The Doon Street tower
The Doon Street tower

Thus wrote William Wordsworth in 1802 of the view from Westminster Bridge; but truly dull of soul is Secretary of State Hazel Blears, who has ignored her planning inspector's advice and granted planning permission for the construction of a 44-storey tower at Doon Street, behind the National Theatre. Harold Macmillan pulled down the Euston Arch but could at least claim that we had never had it so good, so what is the justification of Blears, the arch-vandal de nos jours for ruining the views from Westminster Bridge and St James's Park, and will she overrule the inspector's advice on the Beetham Tower too, if he rightly concludes that a 170m-high tower at the south end of Blackfriars Bridge is not what London wants or needs? 

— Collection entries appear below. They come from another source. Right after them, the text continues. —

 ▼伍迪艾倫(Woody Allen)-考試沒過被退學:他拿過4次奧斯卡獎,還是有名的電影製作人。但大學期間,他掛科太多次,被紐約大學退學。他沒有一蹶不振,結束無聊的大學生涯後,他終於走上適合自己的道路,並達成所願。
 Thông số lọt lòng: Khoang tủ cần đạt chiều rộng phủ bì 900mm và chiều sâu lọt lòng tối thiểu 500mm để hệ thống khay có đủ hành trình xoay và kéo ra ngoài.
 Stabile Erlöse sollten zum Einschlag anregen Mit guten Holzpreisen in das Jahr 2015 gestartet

The credit crunch may yet prove to have a silver lining if these and other horrors projected at Vauxhall and in the City are put on hold. The past decade or so has been a boom time for many gardens, with the creation of opulent new gardens for the mega-rich, the television programme- inspired makeovers of the plots of those of more modest means, and the restoration of many public parks, thanks to generous grants from the National Lottery. We know that Lottery funding will of necessity be less generous in the future, to help pay for the 2012 London Olympics; and the Mayor of London, Boris Johnson, is now saying that the provisions for 2012 will themselves have to be pared down. 

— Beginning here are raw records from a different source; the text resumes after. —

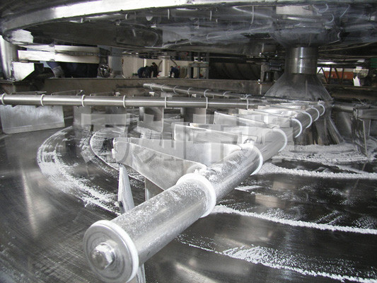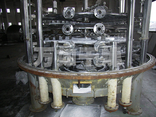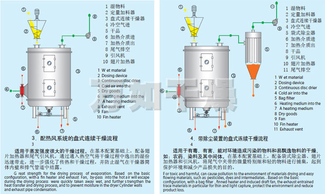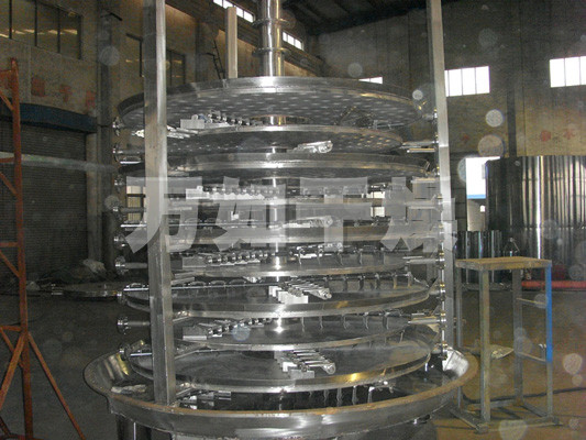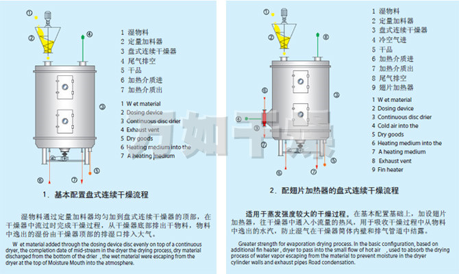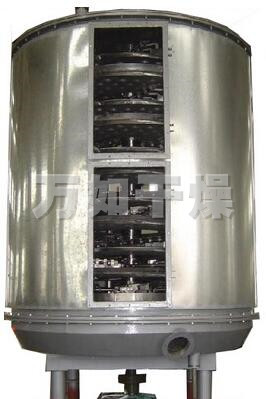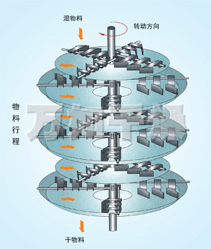 湿物料自加料器连续地加到干燥器上部第一层干燥盘上,带有耙叶的耙臂作回转运动使耙臂作回转运动使耙叶连续地翻抄物料。物料沿指数螺旋线流过干燥盘表面,在小干燥盘上的物料被移送到外缘,并在外缘落到下方的大干燥盘外缘,在大干盘上物料向里移动并从中间落料口落如下一层小干燥盘中。大小干燥盘上下交替排列,物料得以连续地流过整个干燥器。中空的干燥盘内通入加热介质,加热介质形式有饱和蒸汽、热水和导热油,加热介质由干燥盘的一端进入,从另一端导出。已干物料从最后一层干燥盘落到壳体的底层,最后被耙叶移送到出料口排出。湿份从物料中逸出,由设在顶盖上的排湿口排出,真空型盘式干燥器的湿气由设在顶盖上的真空泵口排出。从底层排出的干物料可直接包装。通过配加翅片加热器、溶剂回收冷凝器、袋式除尘器、干料返混机构、引风机等辅机,可提高其干燥的生产能力,干燥膏糊状和热敏性物 料,可方便地回收溶剂,并能进行热解和反应操作。
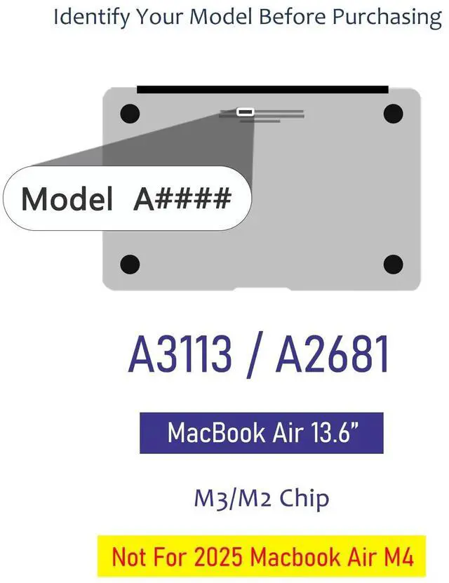 COMPATIBILITY **NOT Compatible with 2025 Macbook Air 13.6" (Model A3240, M4 Chip). ** Only Compatible with 2022~2024 Macbook Air 13.6" (Model A3113/A2681, M3 M2 Chip). Kindly check the model number "A****" on the back of the laptop before your pruchase. ^^ Extra Care Yet Not Bulky Our skin is capable of protecting the surface of your laptop from daily scratches, dust, oil, water and fingerprint. Your laptop remains fresh some years later. ^^ Elegant Style Our stylish design and printing tech give your laptop a 360 degree decorative and impressive looking.
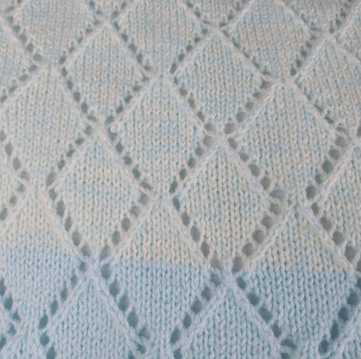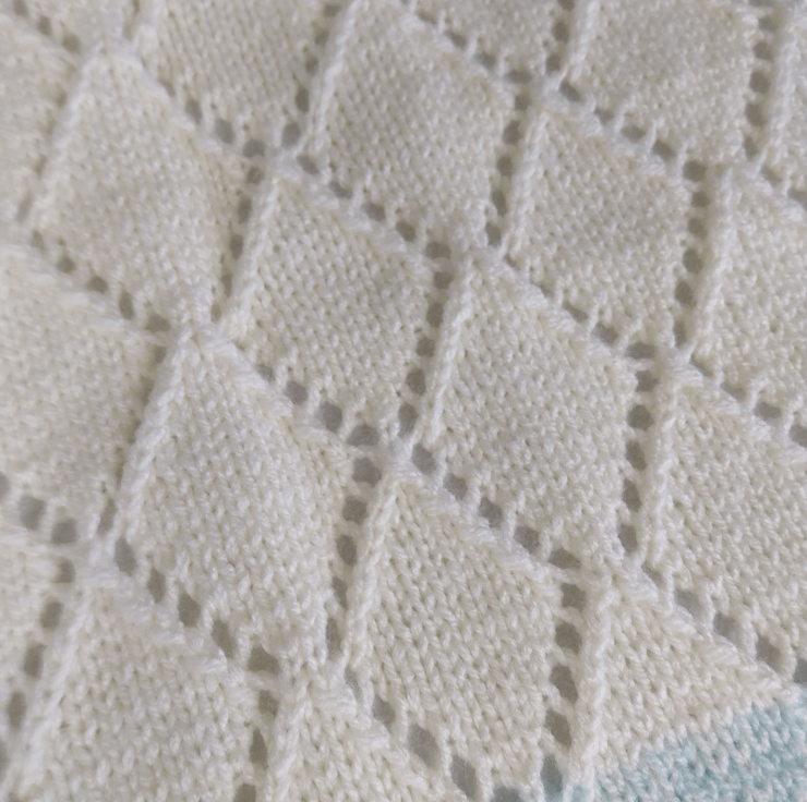 The Angelica Baby Blanket knitting pattern creates a beautifully textured blanket with a soft diamond lace design. It’s simple, elegant and perfect for gifting — whether for a baby shower, christening, or just because!
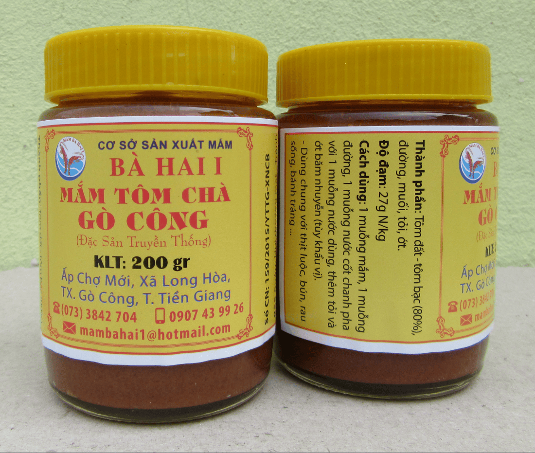 Xem thêmMắm Tôm Chà là đặc sản độc đáo của thị xã Gò Công, mang hương vị tươi ngọt, đậm đà. Mắm Tôm Chà đã có từ lâu đời, nhưng vào ngày tháng năm nào thì không ai biết được, Mắm Tôm Chà đã trở thành món ngon tiến Vua kể từ khi cô gái Phạm Thị Hằng của xứ Gò Công được đưa vào cung hầu vua Thiệu Trị và sau này trở thành Thái hậu Từ Dũ, mẹ vua Tự Đức. Từ đó, món mắm tiến Vua này đã trở thành niềm tự hào rất lớn của người dân Gò Công – Tiền Giang. Nếu xét theo thời gian này, thì tối thiểu Mắm Tôm Chà đã xuất hiện vào đầu thế kỉ 19.
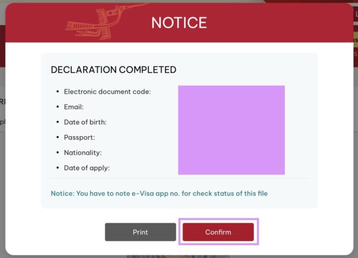 「e-Visa app no」というのはこの画面で出てきた「Electric document code」
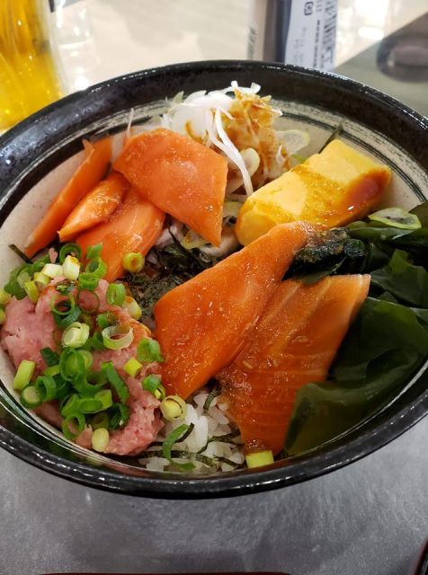写真はゴルフ場で食べたサーモンマグロ丼です
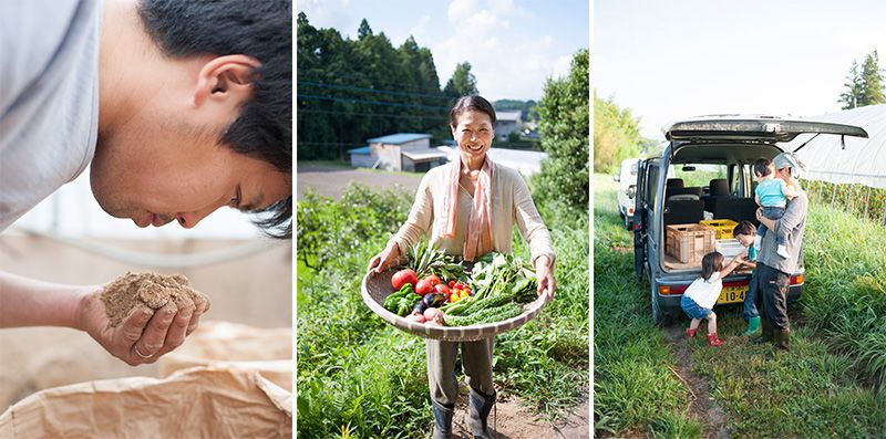 良質な土からしかおいしい野菜は生まれない(写真左)。採れたての新鮮な野菜(中央)。畑仕事の合間のひと時(右)
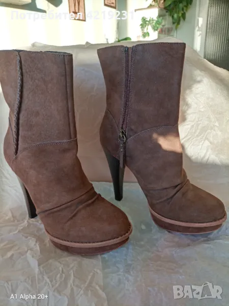 Оригинални кафяви боти от естесвена кожа на UGG. Отвън е естествен набук, отвътке е с агнешка кожа. Токът 12 см, изключително удобни.
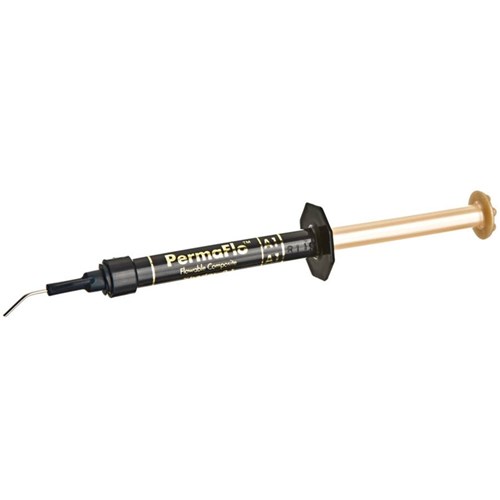 PermaFlo flowable composite is light-cured, radiopaque, methacrylate-based, and available in eight shades. Its thixotropic properties impart ideal flowability for improved adaptation. PermaFlo composite is 68% filled by weight, with an average particle size of 0.7μm and a low film thickness.

So will the present loss of financial confidence lead to a change in the way we garden? Unemployment figures are approaching two million, many people's incomes are falling, and the rate of inflation and the cost of food have risen. But will we see more productive use made of land? The Royal Parks have shown with their Dig for Victory model allotment in St James's Park how a wide range of vegetables can be produced in a small area. So far as I know (I missed the recent public presentation), the latest proposals for the revamp of St James's Square do not make provision for cabbages and runner beans and an old bath for a water supply as shown in Adrian Allinson's well-known 1942 painting, but will the aftermath of 2012 include once more turning over the park at Greenwich to allotments? Both scenarios seem improbable, but just think of the Olympic manure!

Greenwich Disruption

The Queen's House at Greenwich
The Queen's House at Greenwich
Lord Coe, Chairman of LOCOG, has replied to my letter raising the Trust's concerns about the use of Greenwich Park for the equestrian events with an assurance that LOCOG is committed to minimizing disruption in the Park and that it will be returned after the games in the state in which it was received; but details of any promised post-Olympics reinstatement works are in short supply. If it is the done deal that it seems to be, Royal Parks must have a wish-list of projects that they can present alongside the bill for loss of revenue. It would be nice to think that the area below the Wolfe Monument and the interface between the Park and the National Maritime Museum might at last be sorted out properly as part of the 'lasting legacy', about which we hear so much; let us at least hope that London's longest and most inappropriately sited herbaceous border, the one south of the Queen's House, can quietly fail victim to the horses and not be reinstated afterwards. I know that the locals love it, but it shouldn't be there. A formal planning application for the works, which are described as a temporary overlay, will be made to Greenwich Borough Council for consideration in 2009.